(Dataset section)
*** Block opens ***
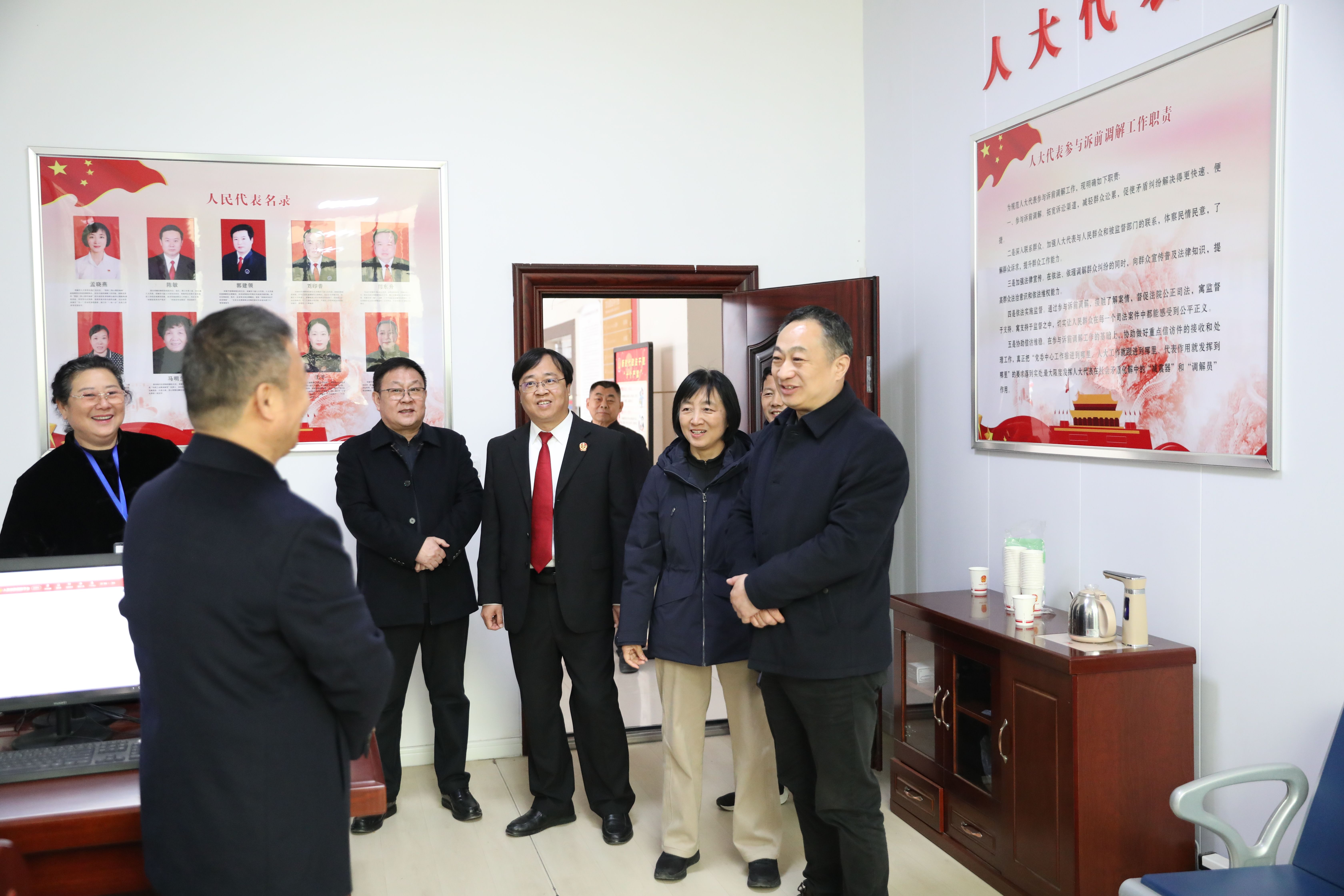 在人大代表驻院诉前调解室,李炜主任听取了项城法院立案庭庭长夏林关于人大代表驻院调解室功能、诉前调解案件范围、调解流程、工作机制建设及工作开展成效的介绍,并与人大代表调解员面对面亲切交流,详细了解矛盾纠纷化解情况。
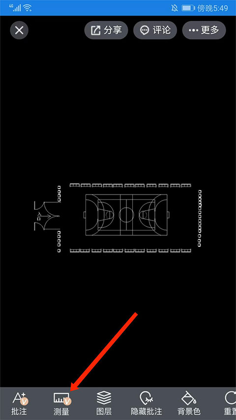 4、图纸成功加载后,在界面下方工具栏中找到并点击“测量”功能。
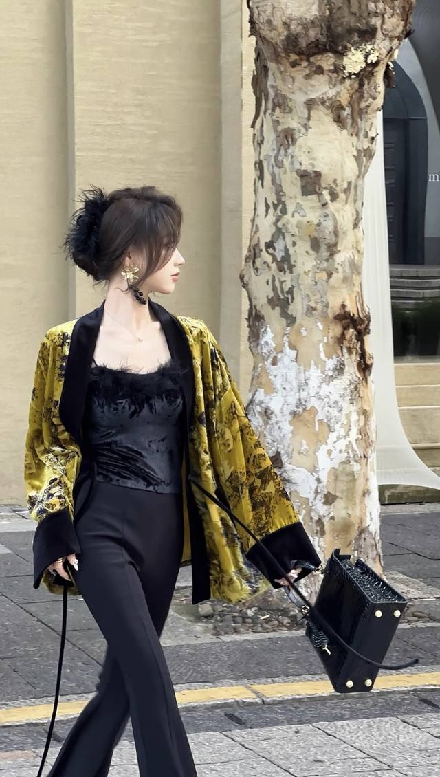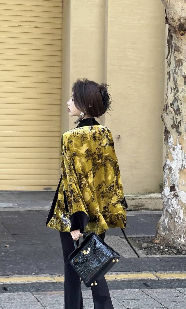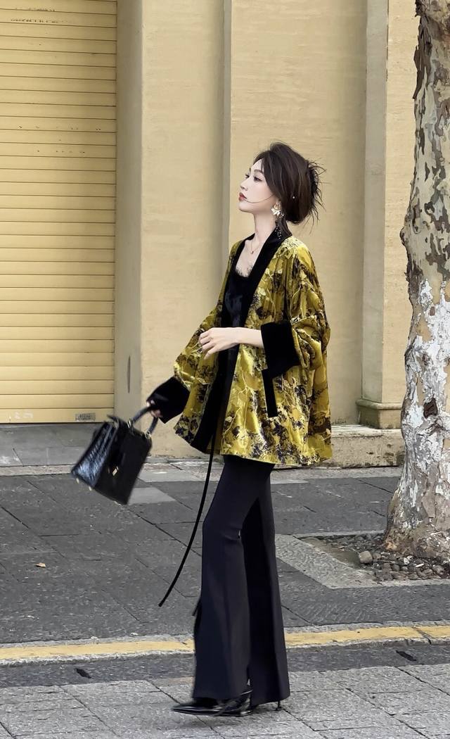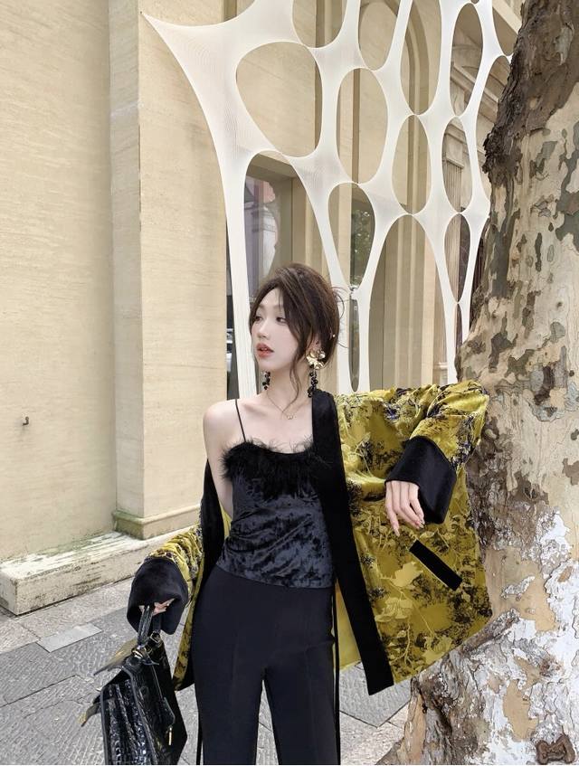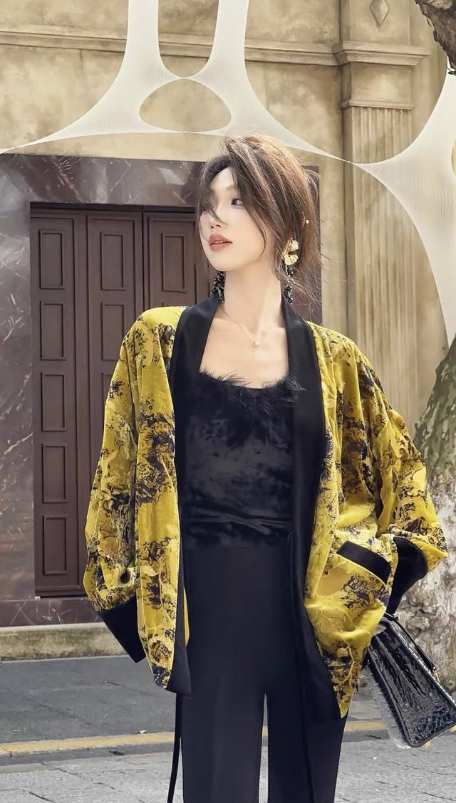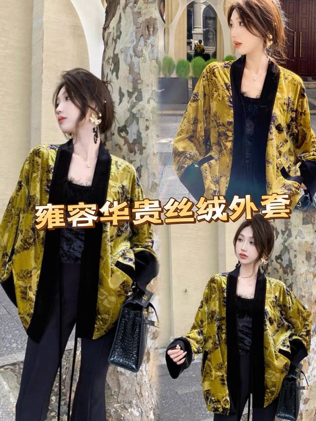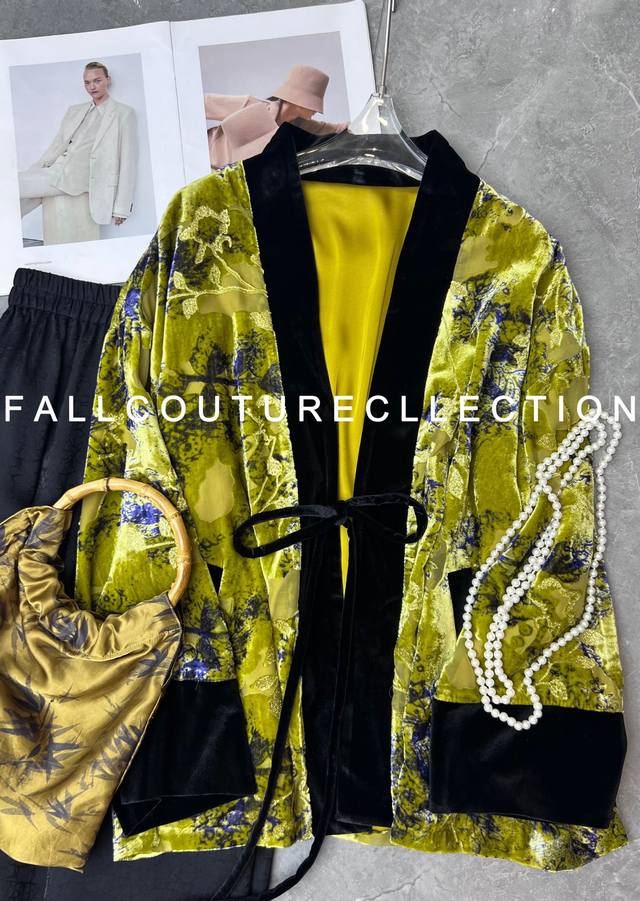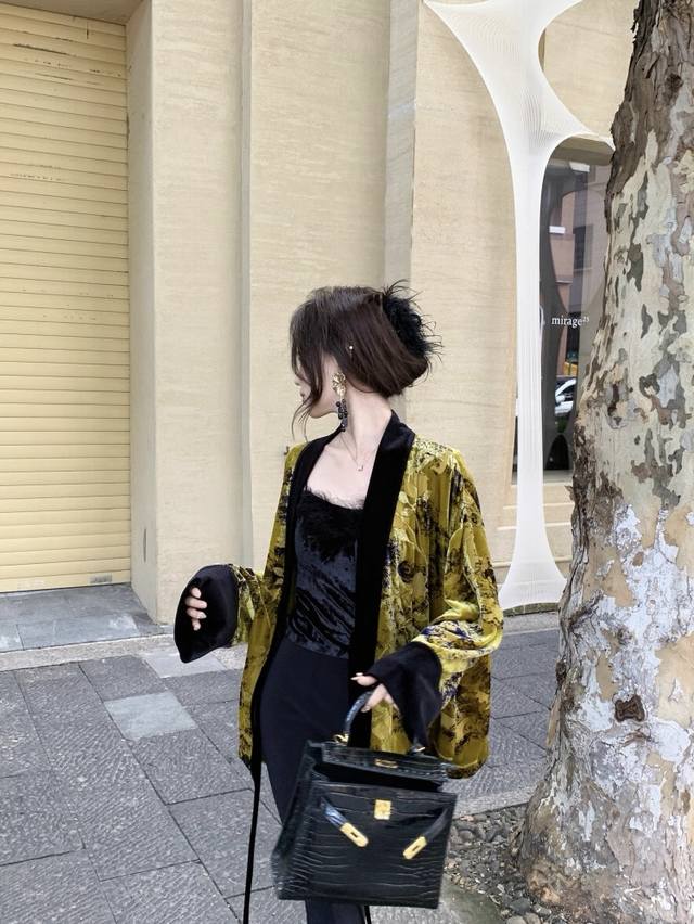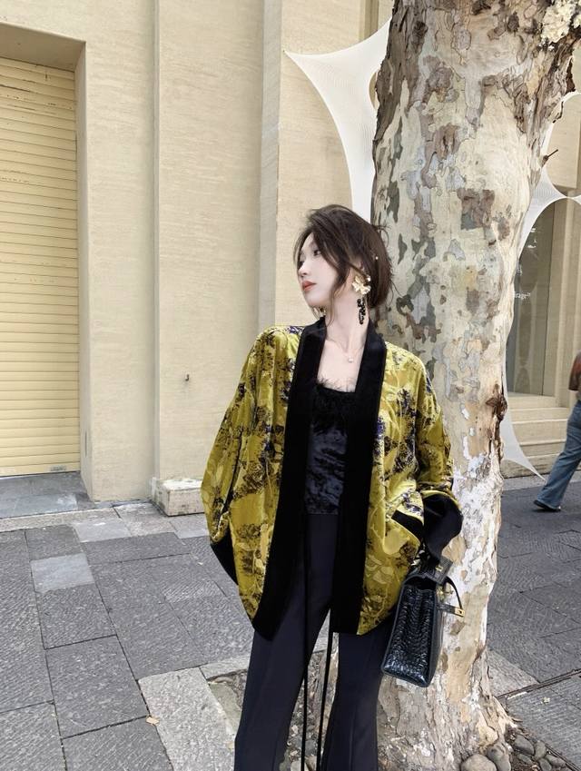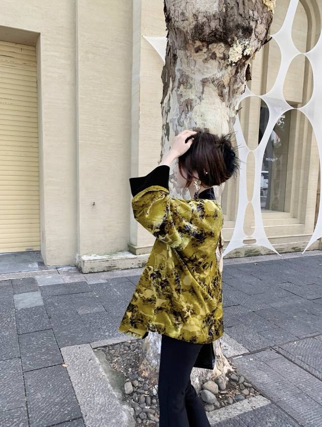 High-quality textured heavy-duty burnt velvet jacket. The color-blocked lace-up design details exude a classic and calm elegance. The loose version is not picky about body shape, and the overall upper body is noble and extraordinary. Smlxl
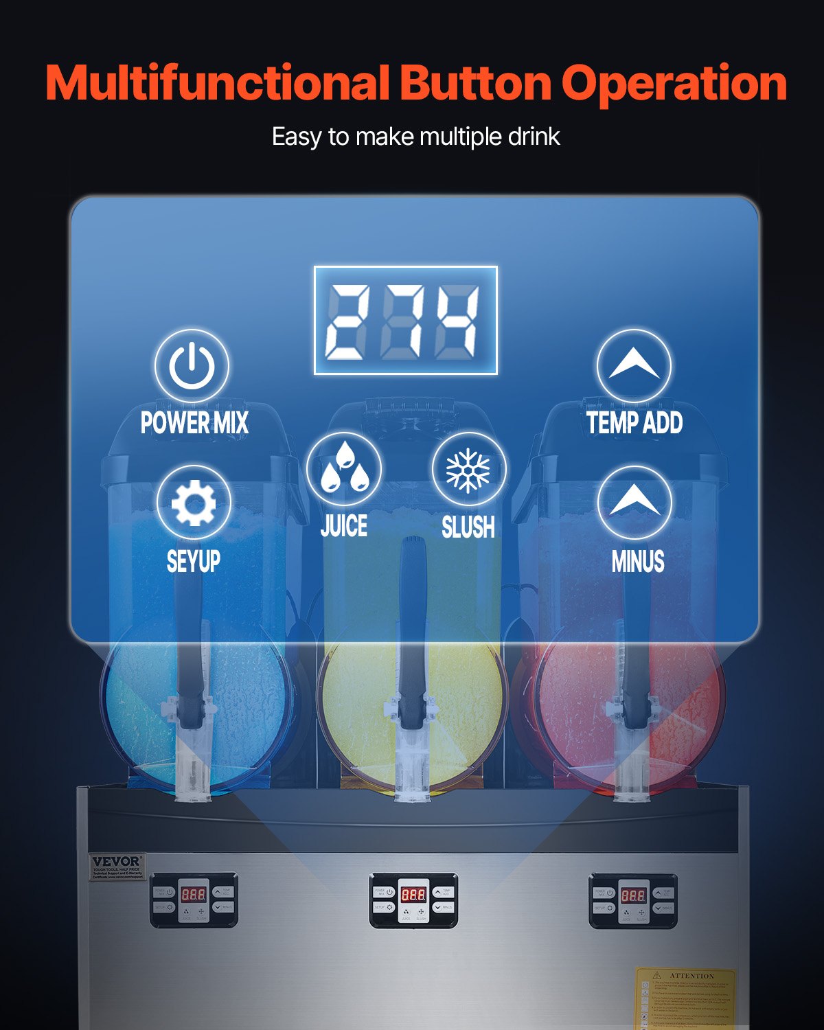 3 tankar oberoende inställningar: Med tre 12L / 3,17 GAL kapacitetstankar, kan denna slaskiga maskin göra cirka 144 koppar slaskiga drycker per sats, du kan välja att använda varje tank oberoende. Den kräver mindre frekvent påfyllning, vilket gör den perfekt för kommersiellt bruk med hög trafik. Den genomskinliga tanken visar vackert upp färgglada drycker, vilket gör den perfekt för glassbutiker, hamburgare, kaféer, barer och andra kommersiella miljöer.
*** Block closes ***
(Brief) In your transcription of the listing above, match each line exactly and include no pictures.

(Written response)
 在人大代表驻院诉前调解室,李炜主任听取了项城法院立案庭庭长夏林关于人大代表驻院调解室功能、诉前调解案件范围、调解流程、工作机制建设及工作开展成效的介绍,并与人大代表调解员面对面亲切交流,详细了解矛盾纠纷化解情况。
 4、图纸成功加载后,在界面下方工具栏中找到并点击“测量”功能。
 High-quality textured heavy-duty burnt velvet jacket. The color-blocked lace-up design details exude a classic and calm elegance. The loose version is not picky about body shape, and the overall upper body is noble and extraordinary. Smlxl
 3 tankar oberoende inställningar: Med tre 12L / 3,17 GAL kapacitetstankar, kan denna slaskiga maskin göra cirka 144 koppar slaskiga drycker per sats, du kan välja att använda varje tank oberoende. Den kräver mindre frekvent påfyllning, vilket gör den perfekt för kommersiellt bruk med hög trafik. Den genomskinliga tanken visar vackert upp färgglada drycker, vilket gör den perfekt för glassbutiker, hamburgare, kaféer, barer och andra kommersiella miljöer.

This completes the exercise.